Record set ▸

_____

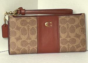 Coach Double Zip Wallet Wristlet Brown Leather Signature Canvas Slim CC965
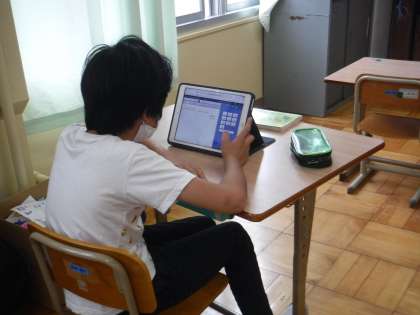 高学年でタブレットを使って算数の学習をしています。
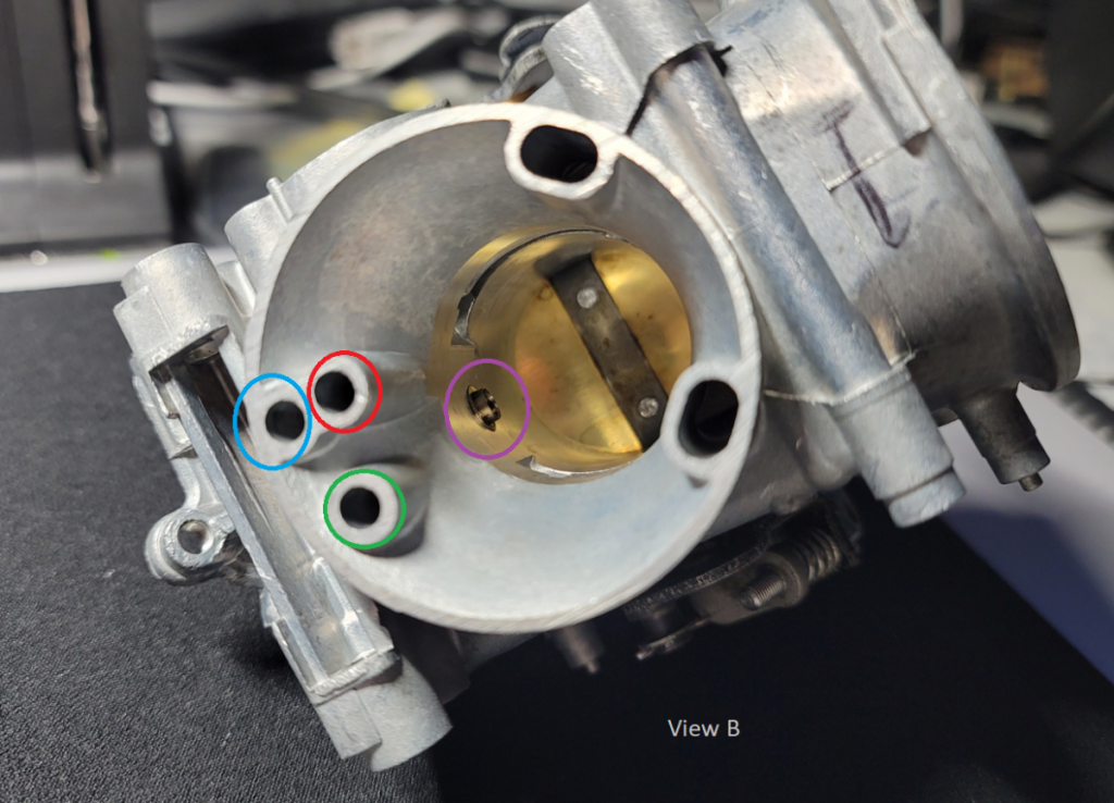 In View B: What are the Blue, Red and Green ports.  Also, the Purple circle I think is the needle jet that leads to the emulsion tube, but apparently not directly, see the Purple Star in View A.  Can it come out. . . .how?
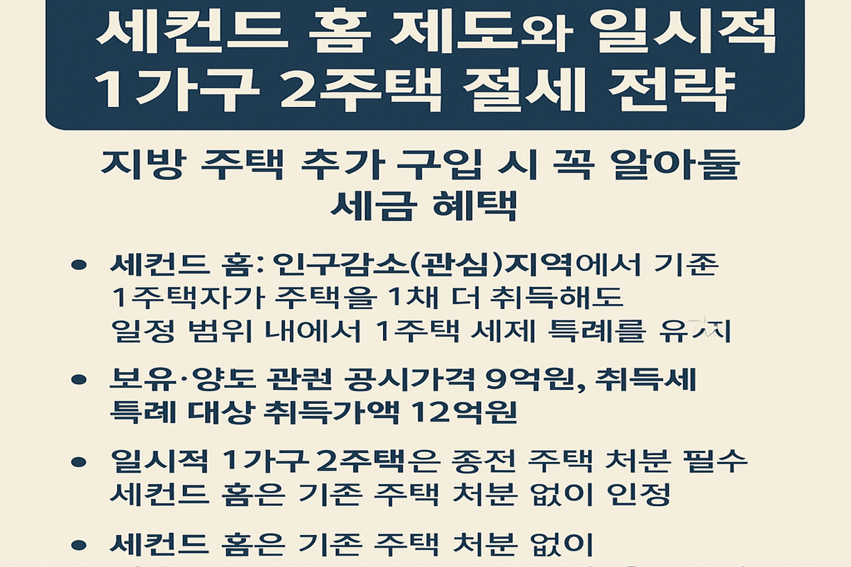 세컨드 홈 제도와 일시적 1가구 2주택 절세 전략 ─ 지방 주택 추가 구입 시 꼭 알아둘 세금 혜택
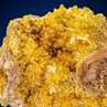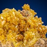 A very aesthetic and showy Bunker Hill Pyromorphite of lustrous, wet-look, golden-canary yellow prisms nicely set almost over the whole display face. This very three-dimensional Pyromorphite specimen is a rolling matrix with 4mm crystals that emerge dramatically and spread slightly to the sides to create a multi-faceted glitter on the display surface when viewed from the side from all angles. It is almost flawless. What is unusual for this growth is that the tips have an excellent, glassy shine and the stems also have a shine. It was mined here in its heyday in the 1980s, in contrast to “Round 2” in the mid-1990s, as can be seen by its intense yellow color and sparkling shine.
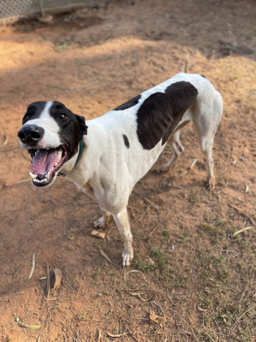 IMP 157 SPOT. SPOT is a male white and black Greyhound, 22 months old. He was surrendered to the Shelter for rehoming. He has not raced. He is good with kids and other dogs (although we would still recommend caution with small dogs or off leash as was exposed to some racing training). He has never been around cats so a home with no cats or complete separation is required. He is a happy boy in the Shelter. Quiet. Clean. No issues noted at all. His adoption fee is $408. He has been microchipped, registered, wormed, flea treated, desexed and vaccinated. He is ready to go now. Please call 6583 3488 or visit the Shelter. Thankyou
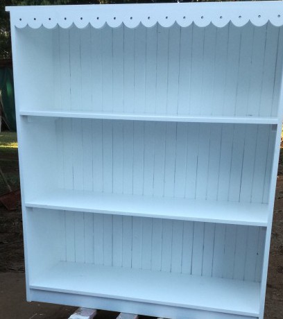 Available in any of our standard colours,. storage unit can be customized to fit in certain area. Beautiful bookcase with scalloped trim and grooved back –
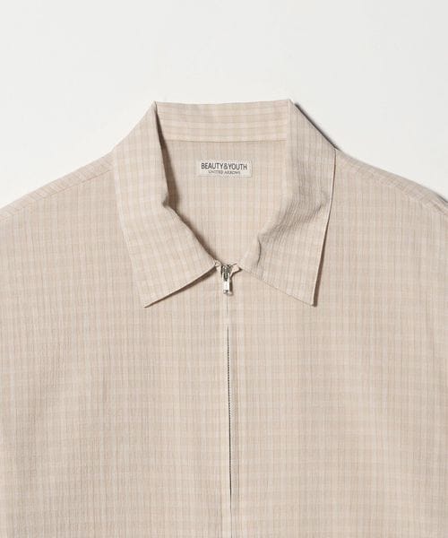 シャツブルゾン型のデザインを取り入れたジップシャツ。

_____

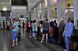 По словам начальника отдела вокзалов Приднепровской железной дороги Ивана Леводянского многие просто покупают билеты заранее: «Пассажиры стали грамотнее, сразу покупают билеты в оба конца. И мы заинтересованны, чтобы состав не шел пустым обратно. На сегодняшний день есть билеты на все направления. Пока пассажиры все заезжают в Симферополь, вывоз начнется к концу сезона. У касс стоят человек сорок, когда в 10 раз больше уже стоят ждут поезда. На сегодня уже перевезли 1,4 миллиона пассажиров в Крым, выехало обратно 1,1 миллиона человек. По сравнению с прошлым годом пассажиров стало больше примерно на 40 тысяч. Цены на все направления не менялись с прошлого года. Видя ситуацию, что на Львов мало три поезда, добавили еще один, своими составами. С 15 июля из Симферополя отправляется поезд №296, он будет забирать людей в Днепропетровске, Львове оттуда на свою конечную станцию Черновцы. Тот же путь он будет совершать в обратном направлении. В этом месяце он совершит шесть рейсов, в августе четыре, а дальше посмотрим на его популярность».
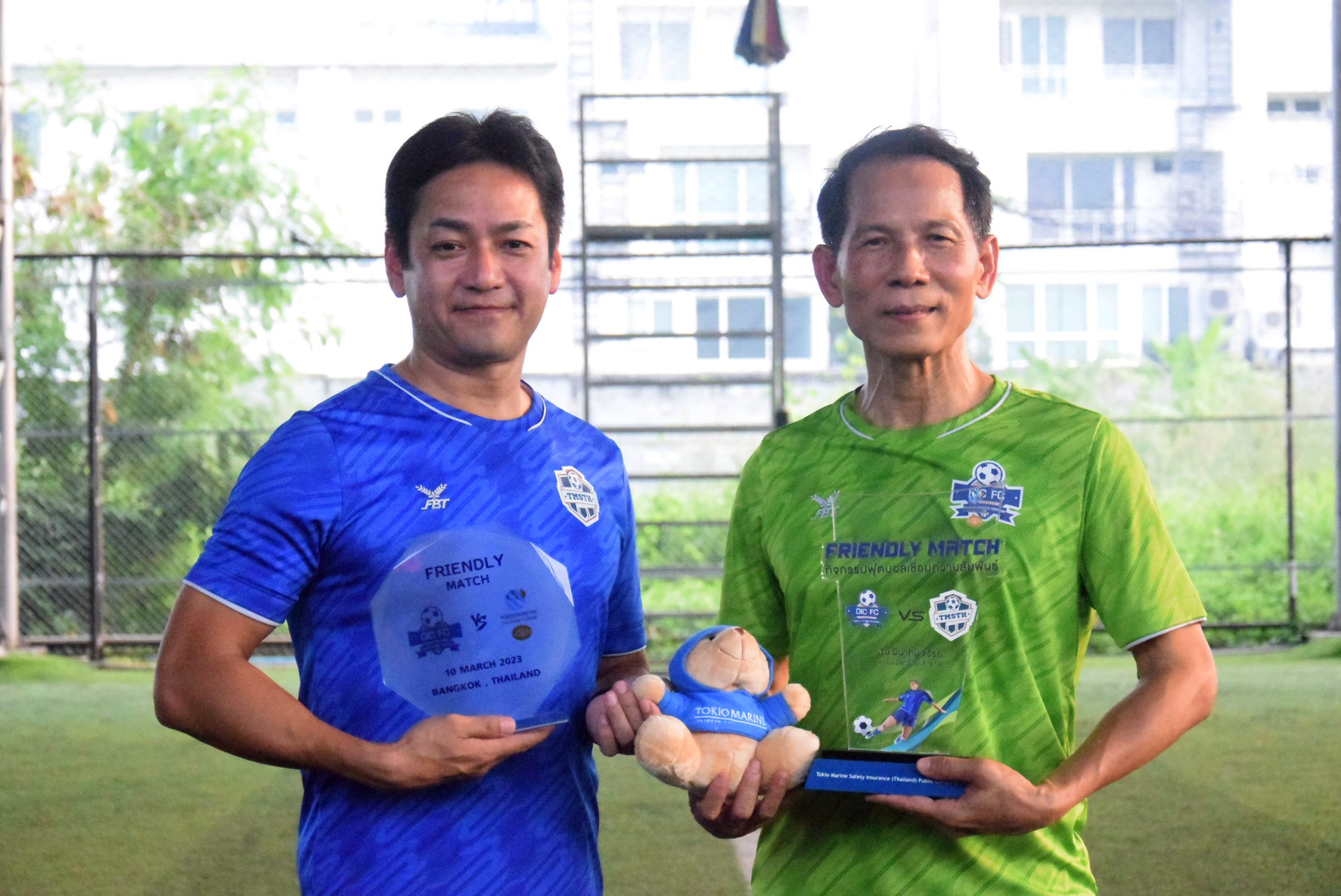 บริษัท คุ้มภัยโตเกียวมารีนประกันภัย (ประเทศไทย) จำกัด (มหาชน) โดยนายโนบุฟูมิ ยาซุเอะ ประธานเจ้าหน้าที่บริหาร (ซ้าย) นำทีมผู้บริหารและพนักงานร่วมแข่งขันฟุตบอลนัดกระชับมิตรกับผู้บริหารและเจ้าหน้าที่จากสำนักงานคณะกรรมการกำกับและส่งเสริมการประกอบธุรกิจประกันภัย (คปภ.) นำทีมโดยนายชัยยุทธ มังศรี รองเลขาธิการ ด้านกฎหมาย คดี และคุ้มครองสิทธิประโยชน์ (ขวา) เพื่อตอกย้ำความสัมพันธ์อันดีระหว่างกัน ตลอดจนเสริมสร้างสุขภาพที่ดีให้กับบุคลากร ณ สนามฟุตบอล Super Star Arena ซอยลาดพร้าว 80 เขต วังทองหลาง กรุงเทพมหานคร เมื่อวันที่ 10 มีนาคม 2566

_____

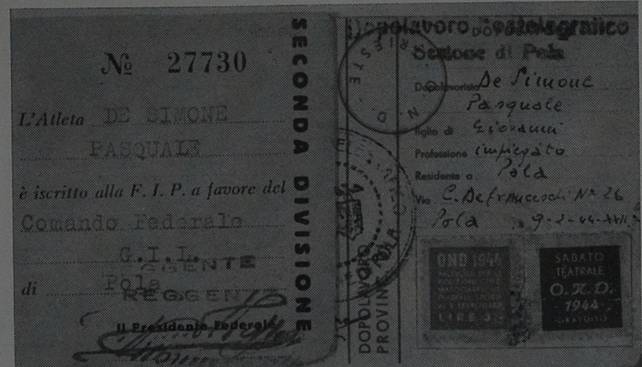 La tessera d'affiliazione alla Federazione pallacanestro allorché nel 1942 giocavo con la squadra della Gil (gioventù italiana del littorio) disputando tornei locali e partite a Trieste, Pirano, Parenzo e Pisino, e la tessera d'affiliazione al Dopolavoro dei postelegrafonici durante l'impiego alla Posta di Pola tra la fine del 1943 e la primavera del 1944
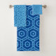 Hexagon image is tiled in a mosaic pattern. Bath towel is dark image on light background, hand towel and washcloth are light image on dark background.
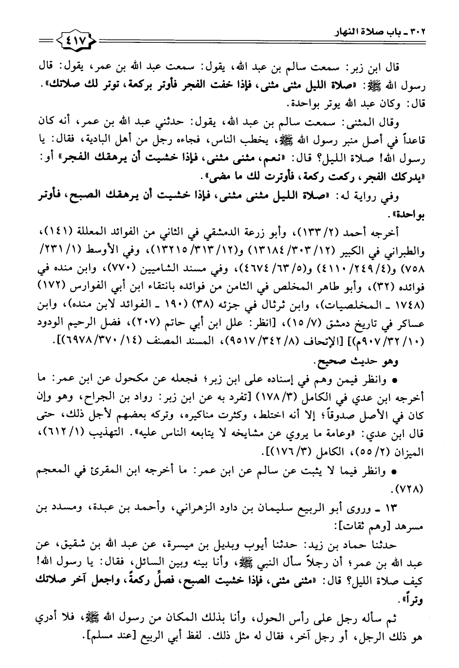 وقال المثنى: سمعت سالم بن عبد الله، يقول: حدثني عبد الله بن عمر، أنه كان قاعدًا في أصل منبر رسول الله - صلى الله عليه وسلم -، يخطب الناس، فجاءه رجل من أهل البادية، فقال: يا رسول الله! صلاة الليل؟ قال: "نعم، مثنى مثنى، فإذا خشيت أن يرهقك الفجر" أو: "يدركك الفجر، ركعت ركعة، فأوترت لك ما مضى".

_____

How to complete this task ▸ From the records above, copy only the lines running from the line holding "Hexagon image is" through the line holding "وقال المثنى: سمعت", with no pictures.

Exercise result ▸
 Hexagon image is tiled in a mosaic pattern. Bath towel is dark image on light background, hand towel and washcloth are light image on dark background.
 وقال المثنى: سمعت سالم بن عبد الله، يقول: حدثني عبد الله بن عمر، أنه كان قاعدًا في أصل منبر رسول الله - صلى الله عليه وسلم -، يخطب الناس، فجاءه رجل من أهل البادية، فقال: يا رسول الله! صلاة الليل؟ قال: "نعم، مثنى مثنى، فإذا خشيت أن يرهقك الفجر" أو: "يدركك الفجر، ركعت ركعة، فأوترت لك ما مضى".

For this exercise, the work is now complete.